[YOUR TASK]
Exact copies of the lines from the start of the records through the line with "ワイズY's コットン貼り合わせバイカラーリバーシブルニットカーディガン 紺2" are what the answer must hold; pictures are not part of it.

Dataset items:

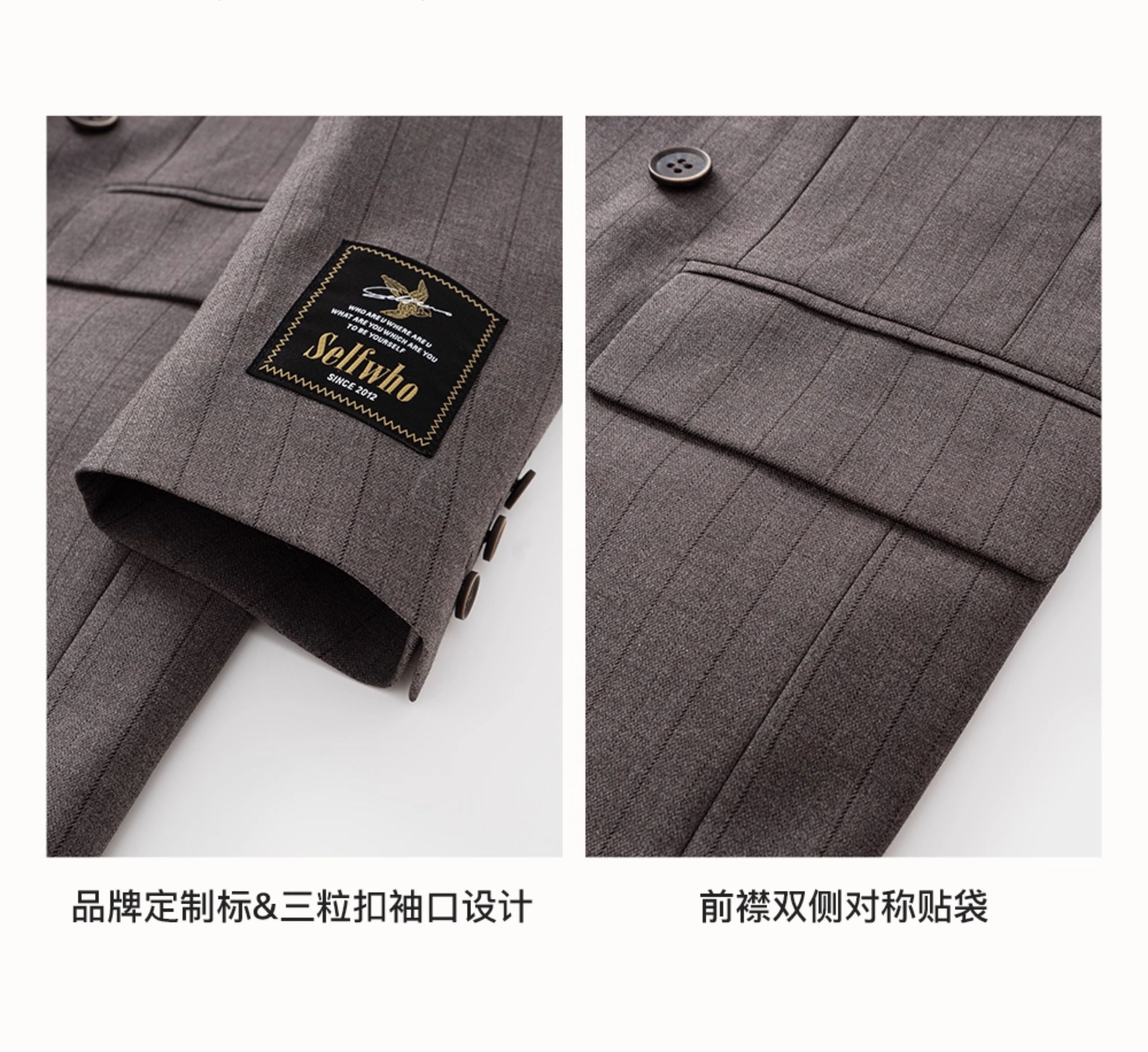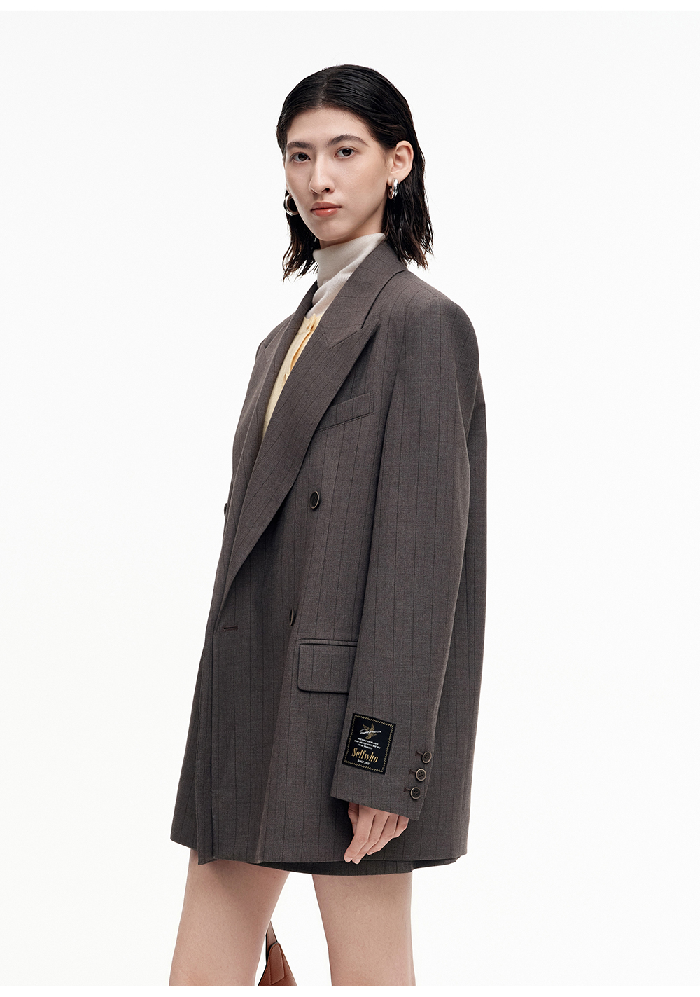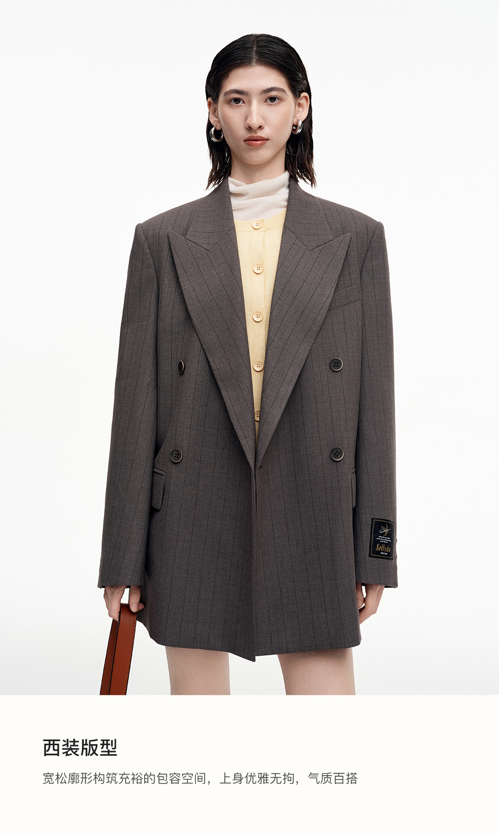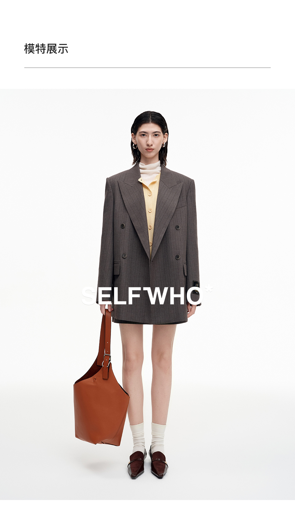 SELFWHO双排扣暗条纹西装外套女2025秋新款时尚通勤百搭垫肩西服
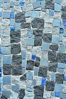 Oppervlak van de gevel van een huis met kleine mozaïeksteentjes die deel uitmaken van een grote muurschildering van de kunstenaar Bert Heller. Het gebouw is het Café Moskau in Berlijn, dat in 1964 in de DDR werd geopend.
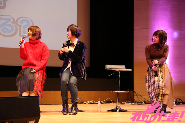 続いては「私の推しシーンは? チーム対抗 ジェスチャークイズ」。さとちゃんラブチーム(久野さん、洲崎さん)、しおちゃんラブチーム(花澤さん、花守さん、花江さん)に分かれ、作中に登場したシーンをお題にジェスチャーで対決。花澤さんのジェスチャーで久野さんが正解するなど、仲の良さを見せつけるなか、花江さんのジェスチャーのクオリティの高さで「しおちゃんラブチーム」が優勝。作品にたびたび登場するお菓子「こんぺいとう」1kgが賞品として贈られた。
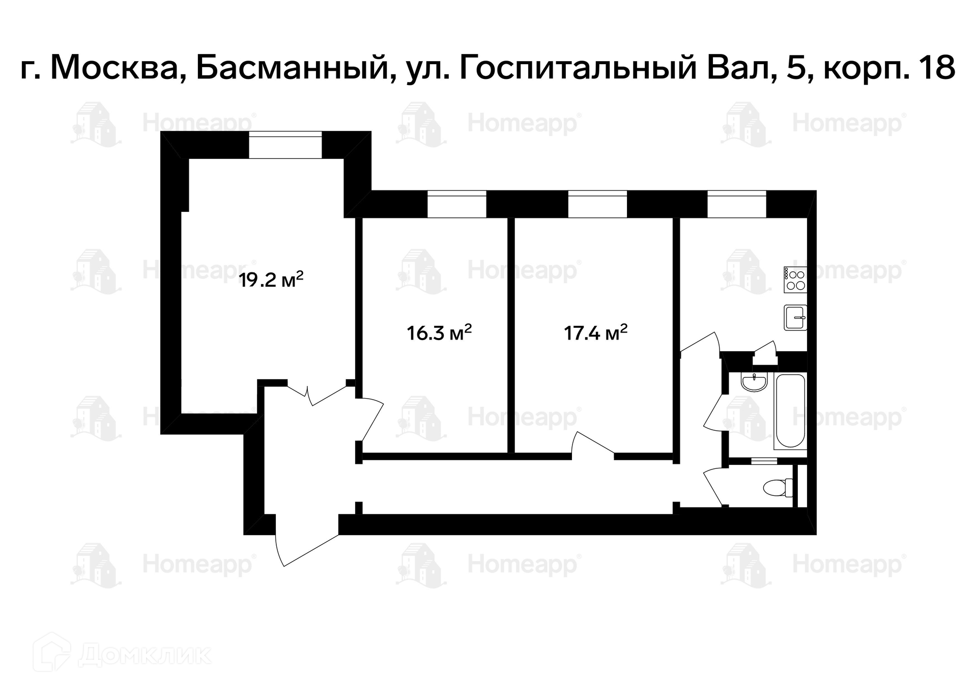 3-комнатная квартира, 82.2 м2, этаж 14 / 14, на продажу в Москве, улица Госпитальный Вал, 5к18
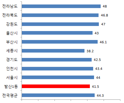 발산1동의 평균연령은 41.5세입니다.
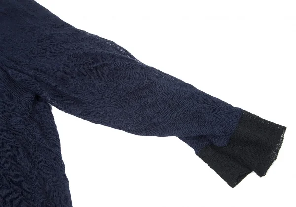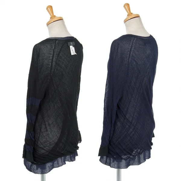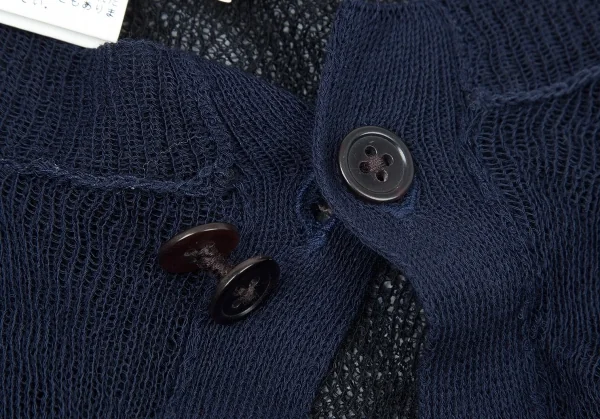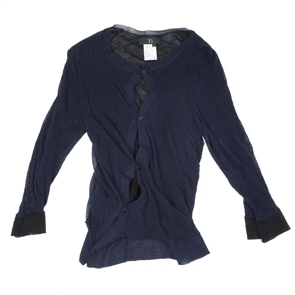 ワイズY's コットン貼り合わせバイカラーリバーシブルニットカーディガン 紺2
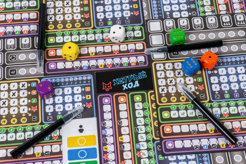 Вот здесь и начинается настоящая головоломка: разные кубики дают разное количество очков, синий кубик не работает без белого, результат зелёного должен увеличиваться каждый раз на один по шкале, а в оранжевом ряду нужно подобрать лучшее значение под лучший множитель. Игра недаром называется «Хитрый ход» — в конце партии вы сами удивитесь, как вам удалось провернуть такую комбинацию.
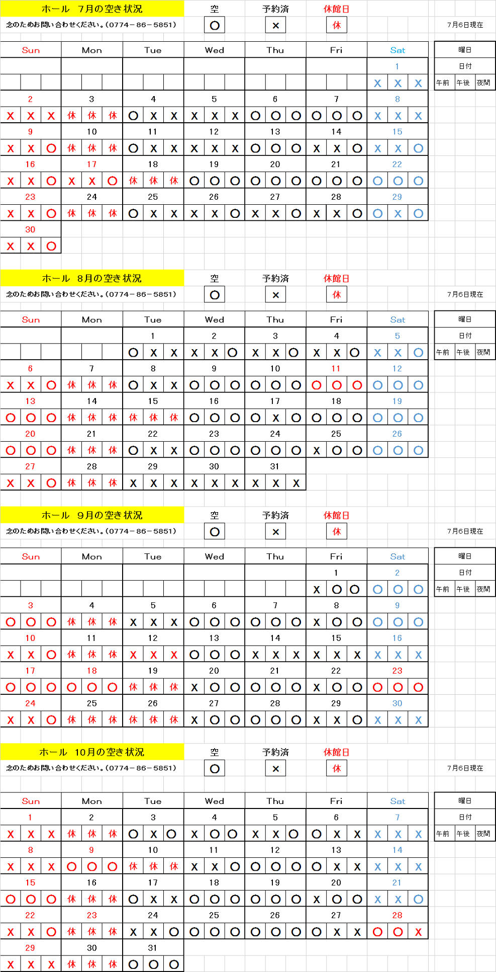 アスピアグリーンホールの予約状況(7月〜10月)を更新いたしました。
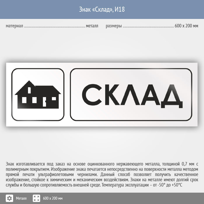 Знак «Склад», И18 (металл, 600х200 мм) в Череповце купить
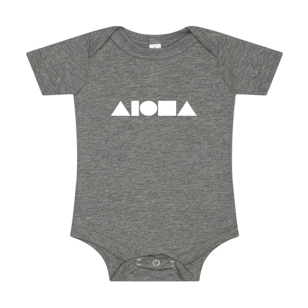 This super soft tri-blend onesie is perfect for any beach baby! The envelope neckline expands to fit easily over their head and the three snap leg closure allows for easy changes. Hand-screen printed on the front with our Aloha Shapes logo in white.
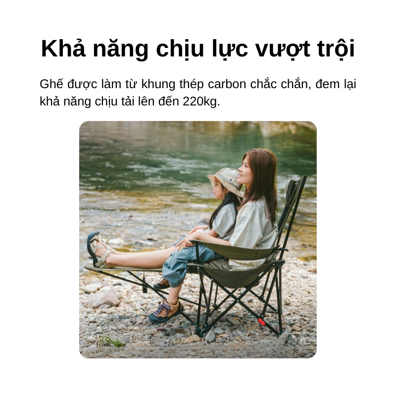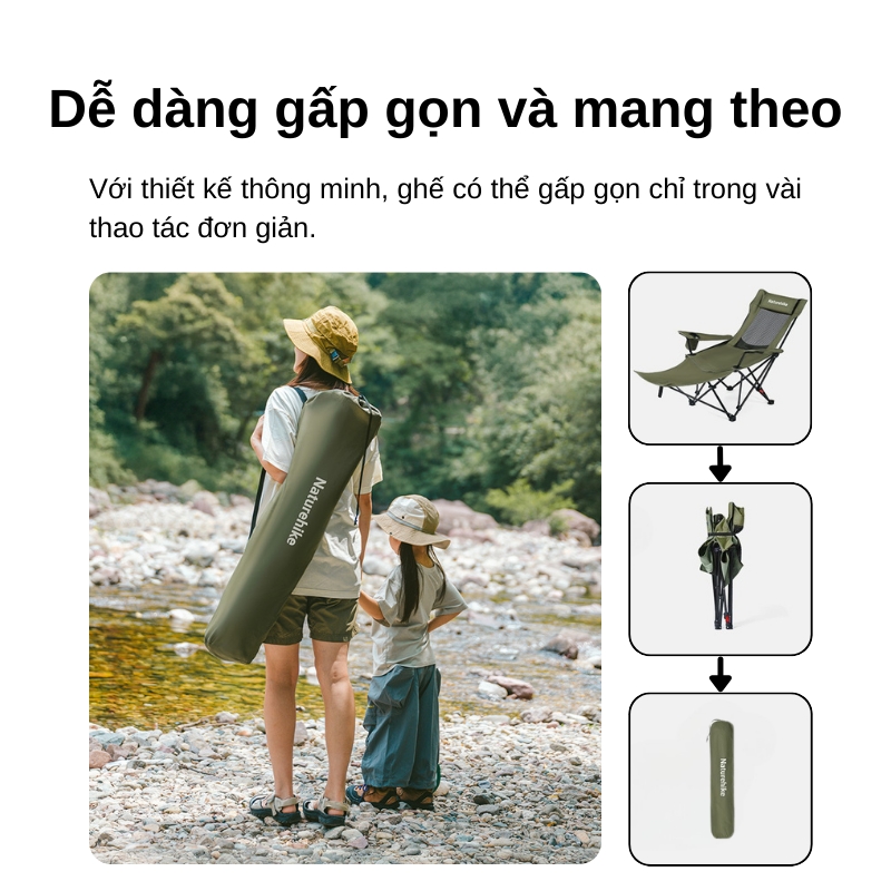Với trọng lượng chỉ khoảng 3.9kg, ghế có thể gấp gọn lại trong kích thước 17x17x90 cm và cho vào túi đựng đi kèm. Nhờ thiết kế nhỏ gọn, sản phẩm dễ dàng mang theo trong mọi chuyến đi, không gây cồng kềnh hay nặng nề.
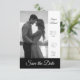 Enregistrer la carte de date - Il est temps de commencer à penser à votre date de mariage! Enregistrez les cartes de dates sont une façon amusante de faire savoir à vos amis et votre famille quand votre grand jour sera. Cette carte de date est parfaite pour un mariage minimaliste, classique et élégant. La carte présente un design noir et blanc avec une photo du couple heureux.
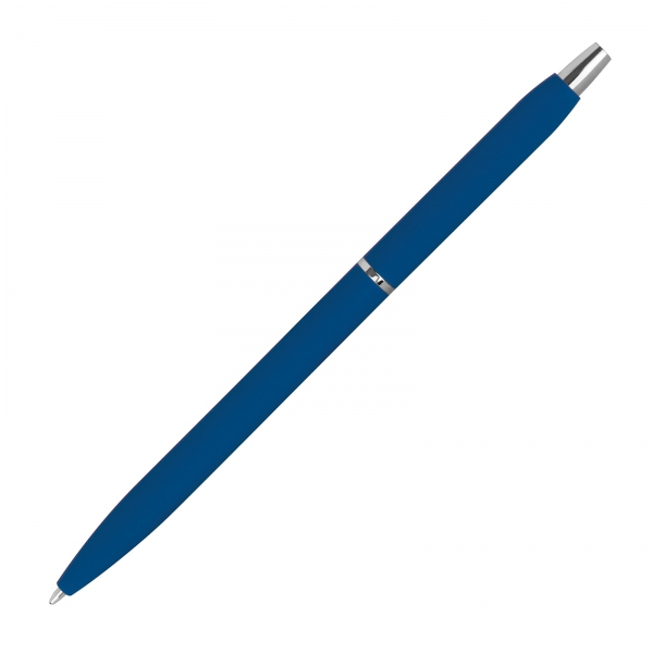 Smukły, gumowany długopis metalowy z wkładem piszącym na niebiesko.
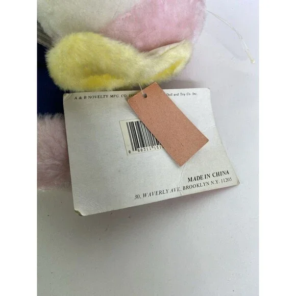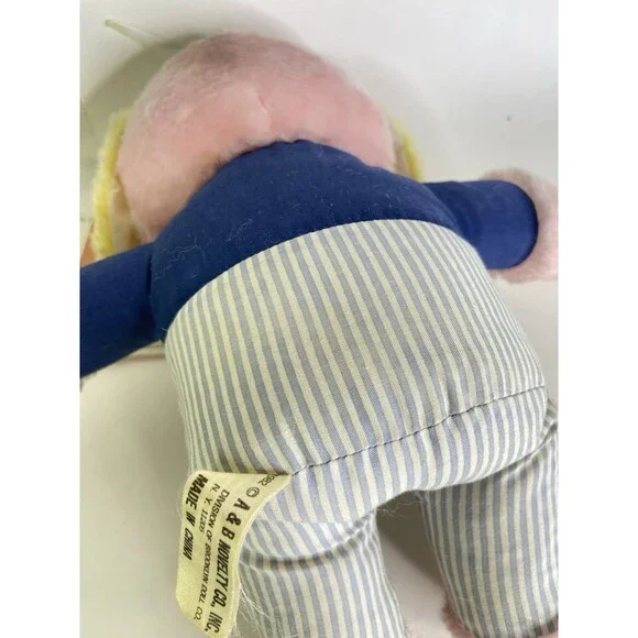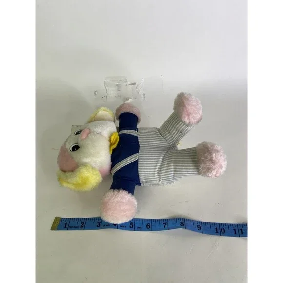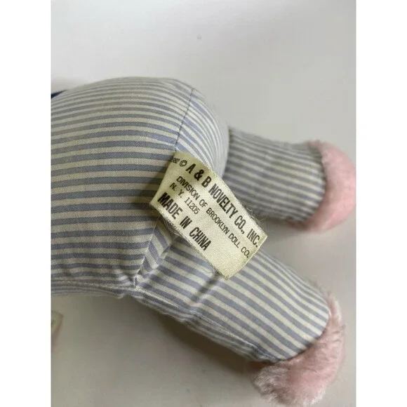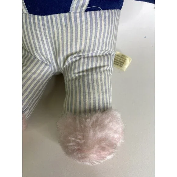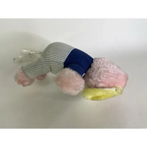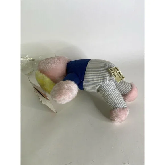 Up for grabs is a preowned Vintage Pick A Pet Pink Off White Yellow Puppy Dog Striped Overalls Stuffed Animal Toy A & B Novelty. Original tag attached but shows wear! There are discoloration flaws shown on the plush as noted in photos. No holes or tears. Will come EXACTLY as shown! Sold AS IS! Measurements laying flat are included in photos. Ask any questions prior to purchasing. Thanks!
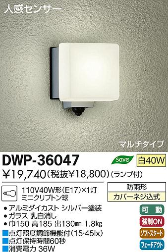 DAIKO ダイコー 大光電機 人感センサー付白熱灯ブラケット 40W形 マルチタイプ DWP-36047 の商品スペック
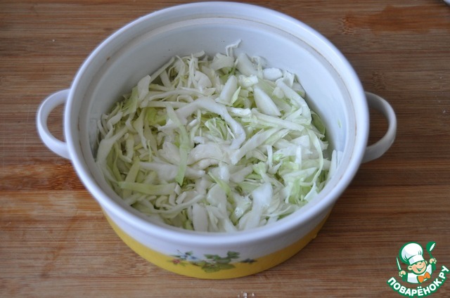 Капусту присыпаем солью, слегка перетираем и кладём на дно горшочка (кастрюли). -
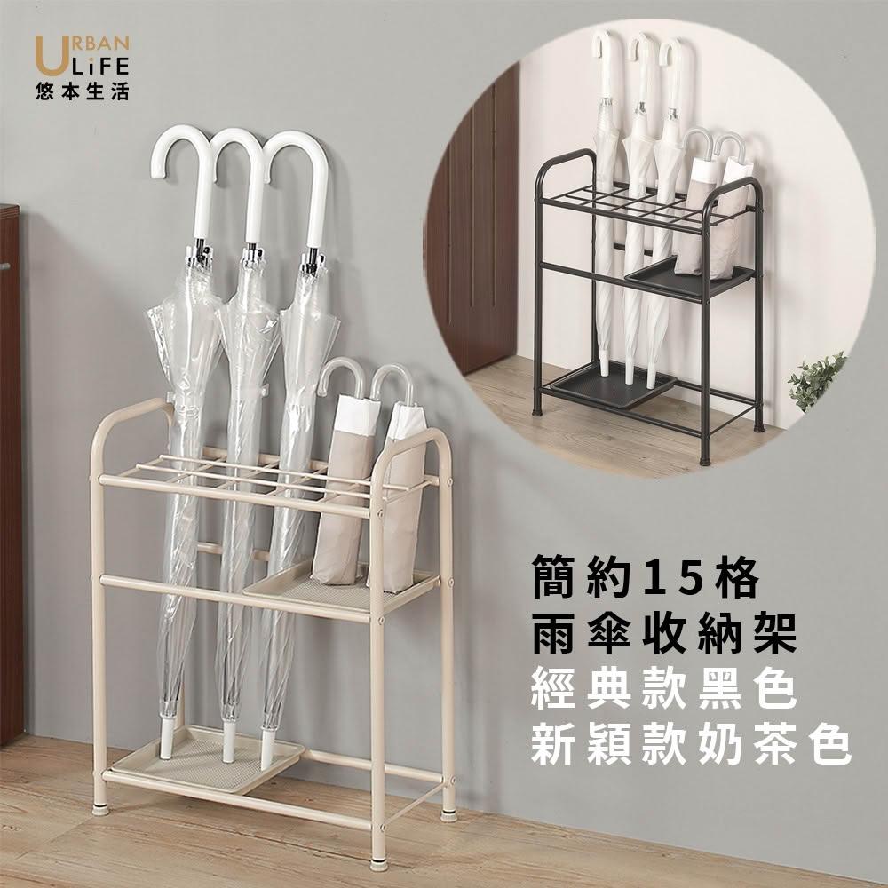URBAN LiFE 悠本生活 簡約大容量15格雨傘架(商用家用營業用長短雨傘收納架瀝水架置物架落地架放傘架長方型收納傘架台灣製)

[FINAL ANSWER]
 SELFWHO双排扣暗条纹西装外套女2025秋新款时尚通勤百搭垫肩西服
 Oppervlak van de gevel van een huis met kleine mozaïeksteentjes die deel uitmaken van een grote muurschildering van de kunstenaar Bert Heller. Het gebouw is het Café Moskau in Berlijn, dat in 1964 in de DDR werd geopend.
 続いては「私の推しシーンは? チーム対抗 ジェスチャークイズ」。さとちゃんラブチーム(久野さん、洲崎さん)、しおちゃんラブチーム(花澤さん、花守さん、花江さん)に分かれ、作中に登場したシーンをお題にジェスチャーで対決。花澤さんのジェスチャーで久野さんが正解するなど、仲の良さを見せつけるなか、花江さんのジェスチャーのクオリティの高さで「しおちゃんラブチーム」が優勝。作品にたびたび登場するお菓子「こんぺいとう」1kgが賞品として贈られた。
 3-комнатная квартира, 82.2 м2, этаж 14 / 14, на продажу в Москве, улица Госпитальный Вал, 5к18
 발산1동의 평균연령은 41.5세입니다.
 ワイズY's コットン貼り合わせバイカラーリバーシブルニットカーディガン 紺2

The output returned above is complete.